◆ What the exercise asks ◆
Go to the line containing "Figure 31. One" in the records below and print it and every following line exactly, on through the line containing "display of framed", then stop.

◆ Records supplied ◆
------------------------

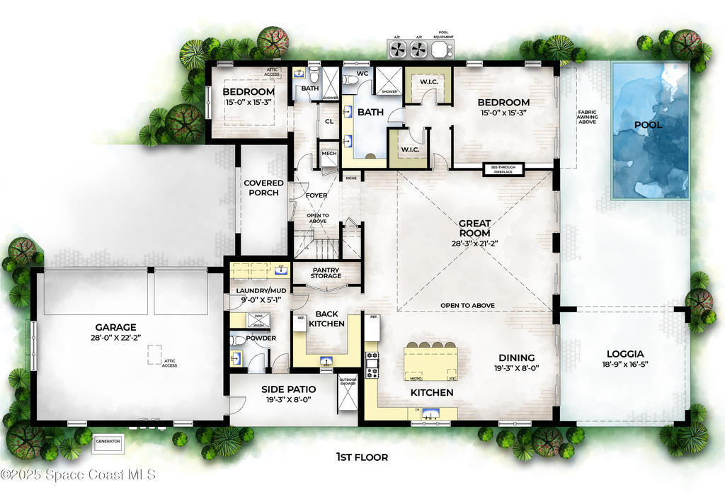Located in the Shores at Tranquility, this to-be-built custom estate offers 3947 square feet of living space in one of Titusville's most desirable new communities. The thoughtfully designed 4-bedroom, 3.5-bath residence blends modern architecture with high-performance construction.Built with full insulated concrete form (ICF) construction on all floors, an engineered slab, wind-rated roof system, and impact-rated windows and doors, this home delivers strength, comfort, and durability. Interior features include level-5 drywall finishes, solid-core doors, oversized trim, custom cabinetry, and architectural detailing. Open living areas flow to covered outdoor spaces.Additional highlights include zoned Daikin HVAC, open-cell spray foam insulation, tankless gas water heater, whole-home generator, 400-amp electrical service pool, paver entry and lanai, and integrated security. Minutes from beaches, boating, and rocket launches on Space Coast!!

------------------------

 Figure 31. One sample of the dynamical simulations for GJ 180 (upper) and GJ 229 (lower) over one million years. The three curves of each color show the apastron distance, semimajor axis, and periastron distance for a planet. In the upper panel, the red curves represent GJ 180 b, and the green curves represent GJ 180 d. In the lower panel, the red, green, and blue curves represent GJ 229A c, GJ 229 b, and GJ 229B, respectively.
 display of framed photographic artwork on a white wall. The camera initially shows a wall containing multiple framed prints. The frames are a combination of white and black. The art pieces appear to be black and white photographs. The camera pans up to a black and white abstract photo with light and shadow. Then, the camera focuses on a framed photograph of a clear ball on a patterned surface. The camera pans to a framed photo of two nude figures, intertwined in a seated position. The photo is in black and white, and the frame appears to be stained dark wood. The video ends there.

------------------------

◆ Worked solution ◆
 Figure 31. One sample of the dynamical simulations for GJ 180 (upper) and GJ 229 (lower) over one million years. The three curves of each color show the apastron distance, semimajor axis, and periastron distance for a planet. In the upper panel, the red curves represent GJ 180 b, and the green curves represent GJ 180 d. In the lower panel, the red, green, and blue curves represent GJ 229A c, GJ 229 b, and GJ 229B, respectively.
 display of framed photographic artwork on a white wall. The camera initially shows a wall containing multiple framed prints. The frames are a combination of white and black. The art pieces appear to be black and white photographs. The camera pans up to a black and white abstract photo with light and shadow. Then, the camera focuses on a framed photograph of a clear ball on a patterned surface. The camera pans to a framed photo of two nude figures, intertwined in a seated position. The photo is in black and white, and the frame appears to be stained dark wood. The video ends there.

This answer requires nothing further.